DEVOTION
THE
REVELATION
THE
KINGDOM
Rev
1:5-6
To
him who loves us and has freed us from our sins by his blood, 6 and has made us
to be a kingdom and priests to serve his God and Father — to him be glory and
power for ever and ever! Amen.
NIV
How
can we ever do anything that would classify as being worthy of his love? We are
his creation, we are the only portion of his creation into who he breathed his
very breathe. He spoke all the rest of creation into existence just with his
word, but when he created us, God got down on his knees in the dirt, getting
his hands dirty, forming us from that mud, and when he was done he leaned over
and breathed the breath of life into our nostrils. It is any wonder Jesus loves
us? Then because we strayed, we did not pay attention to his one command, because
of his own justice, he needed to ban us from paradise. But because he loves us,
he also had a plan to redeem us back, to justify himself back to the creation
he loves. He planned to become his own sacrifice to satisfy his own justice. It
is all about him and his love for us. We cannot ever be worthy of that kind of
love, and we may never be able to express that kind of love. He loves us so
much that Jesus experienced a horrible death, as one of us, so that he could
free us from the punishment due us because of sin. He took that sin, and
punishment so we would not have to experience it if we accept him as our Lord.

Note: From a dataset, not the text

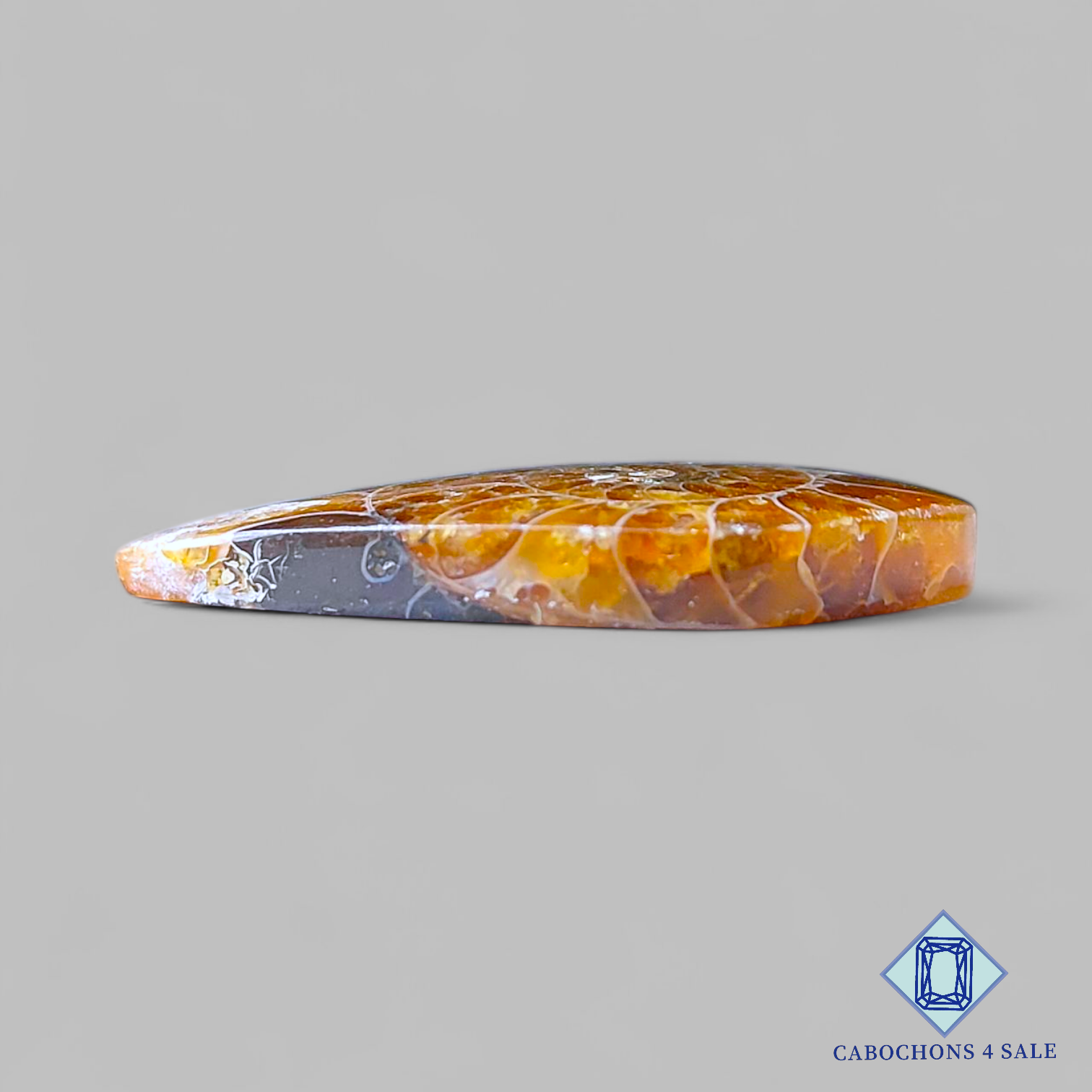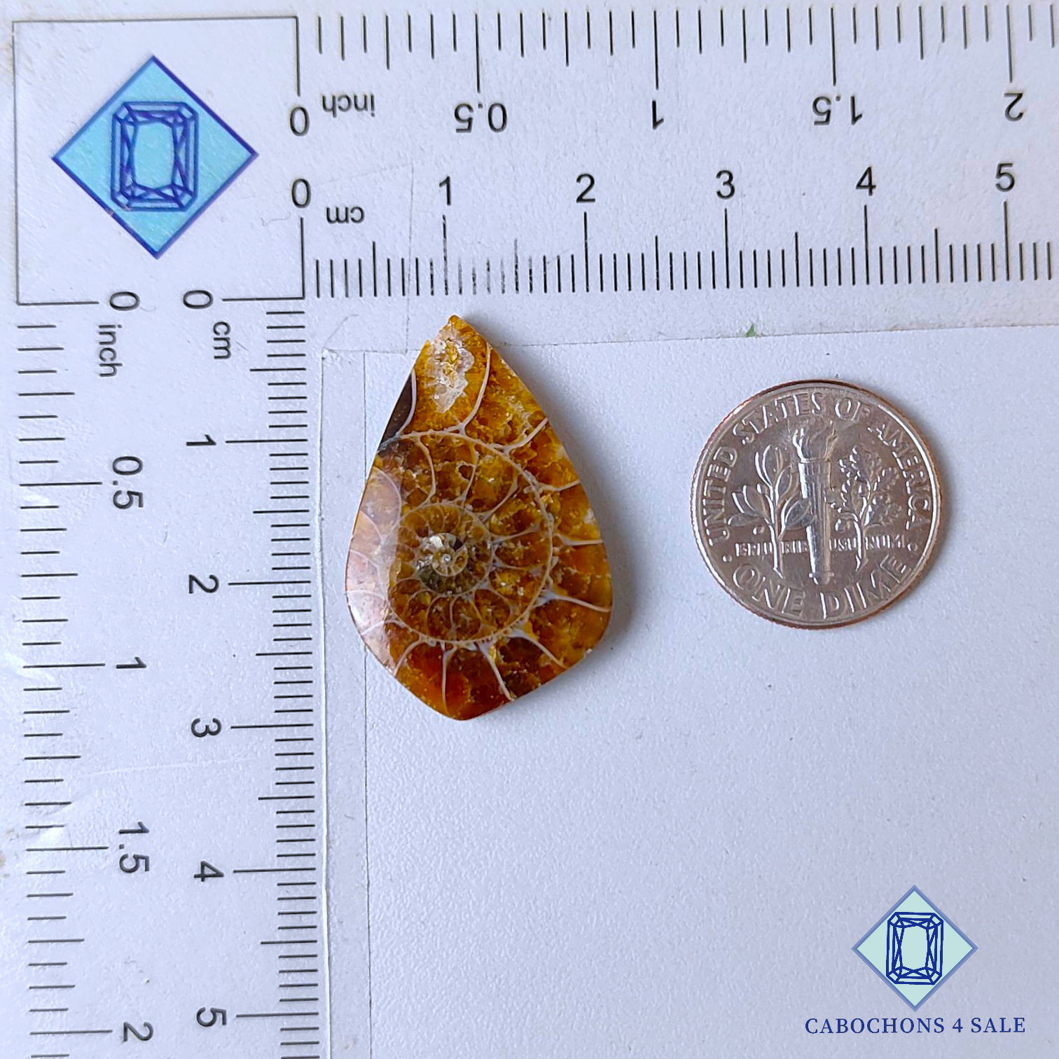 Deslice las imágenes para ver la piedra con la tabla de dimensiones. Esta es una gema de amonita. El producto es natural, de forma pera y opaco. La gema de amonita es de color marrón y mide 28 x 18 x 4 mm. La claridad de esta pieza es opaca. El producto está disponible exactamente como se muestra en la imagen: 1 pieza de cabujones de amonita con certificación de forma pera por el precio indicado anteriormente.

In addition, if freedom from sin is not enough, he has made us to be a kingdom,
which is we are the kingdom of God. Once we die, and are born again, as Jesus
explained it to Nicodemus, then we can enter into the kingdom, because we
become that kingdom. But that is not all either. We become priests to serve his
God and Father. We become priests. This means not just a few select individuals
who say they have been called and spend years within a school of higher
learning to earn a degree and then garner some ordination from a denomination
agreeing to all their doctrines in order to obtain a job preaching at some church.
Anyone who accepts Jesus Christ as their Lord and Savior, who has been born
again and who has become the kingdom of God is also a priest who serves his God
and Father. Although we use the English term priest, especially within the
Catholic Church, we are all considered by God just as the same. The Greek word
here means priest, but metaphorically, of Christians, because, purified by the
blood of Christ and brought into close contact with God, we devote our life to
him alone. This is the concept of the Catholic priest, but it should also be
the concept of our lives as we too are priests who are called to serve our
Almighty God. How do we serve him?
Rom
12:1-2
12:1
Therefore, I urge you, brothers, in view of God's mercy, to offer your bodies
as living sacrifices, holy and pleasing to God — this is your spiritual act of
worship. 2 Do not conform any longer to the pattern of this world, but be
transformed by the renewing of your mind. Then you will be able to test and
approve what God's will is — his good, pleasing and perfect will.
NIV
This
should put to rest any question as to how we serve our Lord, how we are his
kingdom. There are only two kingdoms in existence, the kingdom of darkness and
the kingdom of light. We know who thinks he rules over the kingdom of darkness,
but in essence it is our own evil hearts who reign in the darkness. But Jesus
has called us out of that kingdom into the kingdom of light, his light, and so
we are now a part of the kingdom of God, being a priest, devoted to him and him
alone. That means we forsake any form of devotion to any part of the kingdom of
darkness. We forsake everything for his sake, so that through us the world sees
his glory and power, forever and ever, amen.